Some time later, Our Lord again spoke to her:
"The pale ray stands for the Water which makes souls righteous;
the red ray stands for the Blood which is the life of souls. These
two rays issued forth from the depths of My most tender Mercy at
that time when My agonizing Heart was opened by a lance on the
Cross....Fortunate is the one who will dwell in their shelter, for
the just hand of God shall not lay hold of him."
So...that's confusing. Because it never says in the New Testament that Jesus was lanced in the heart. It specifically says 'side' and that's where the hole is in all the pictures and that's where St. Thomas from Missouri stuck his fingers. I suppose the lance could have gone in there very deeply and pierced the heart from the side, since the heart is a little to the left. I should think that since John was being very accurate (seriously, read that passage John 19:31 and on), if he meant 'heart', he would have said 'heart'.
(Click on Shroud of Turin image for more on the Shroud)

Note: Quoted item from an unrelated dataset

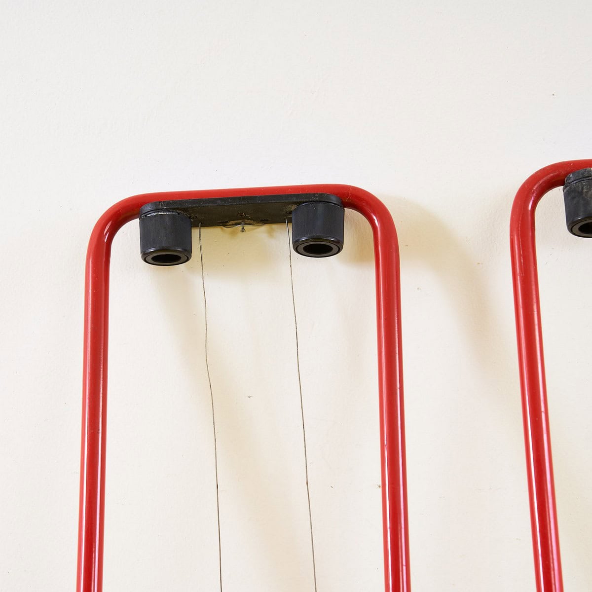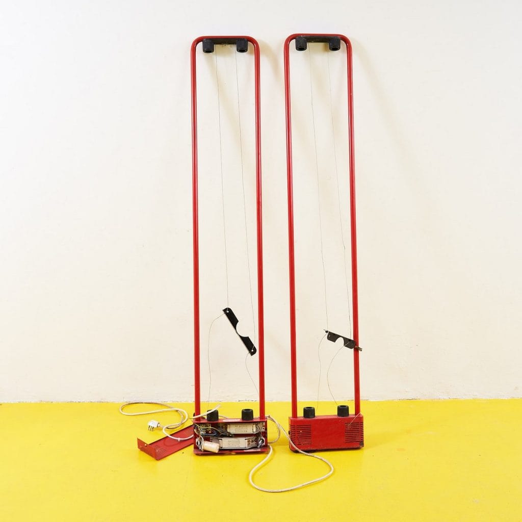 Questa elegante coppia di lampade vintage rappresenta l'eccellenza del design italiano degli anni '70. Realizzate in metallo verniciato di rosso brillante, ogni lampada e' dotata di una... Questa elegante coppia di lampade vintage rappresenta l'eccellenza del design italiano degli anni '70. Realizzate in metallo verniciato di rosso brillante, ogni lampada e' dotata di una base robusta e due steli slanciati, che riflettono uno stile essenziale e moderno. Le lampade sono dotate di attacchi per luci a risparmio energetico, mescolando estetica e funzionalita'. Perfette per dare un tocco retro a qualsiasi ambiente, da case a uffici, queste lampade non solo illuminano, ma arricchiscono l'arredamento con il loro fascino intramontabile. Altro

The point of lancing Jesus in the first place wasn't to kill Him, but to make sure He was dead. So there would be no need to run a lance through His Heart. Shoving a lance into Him and seeing no reaction would do just fine. Like when the doctor pokes you in the toe with a needle to check to see if you are really paralyzed or just faking it for the disability checks.
You don't have to worry about it. In the first place, you don't have to pay any attention whatsoever to Sister Faustina. You never have to believe anything that comes from private revelation, including Lourdes, Fatima, the Miraculous Medal story, etc. It's entirely up to you if you believe those things, but the Church has given them all Her blessing.
Maybe Sister Faustina was so overwhelmed by seeing Jesus that she was a little off on her details. Who knows?
We only care about the symbolism anyhow. I'm content with the beautiful image of Jesus and His Divine Mercy that St. Faustina brought to us. Personally, I'm chalking this one up to "Sacred Mystery" ("Catholic" for "just let it go".)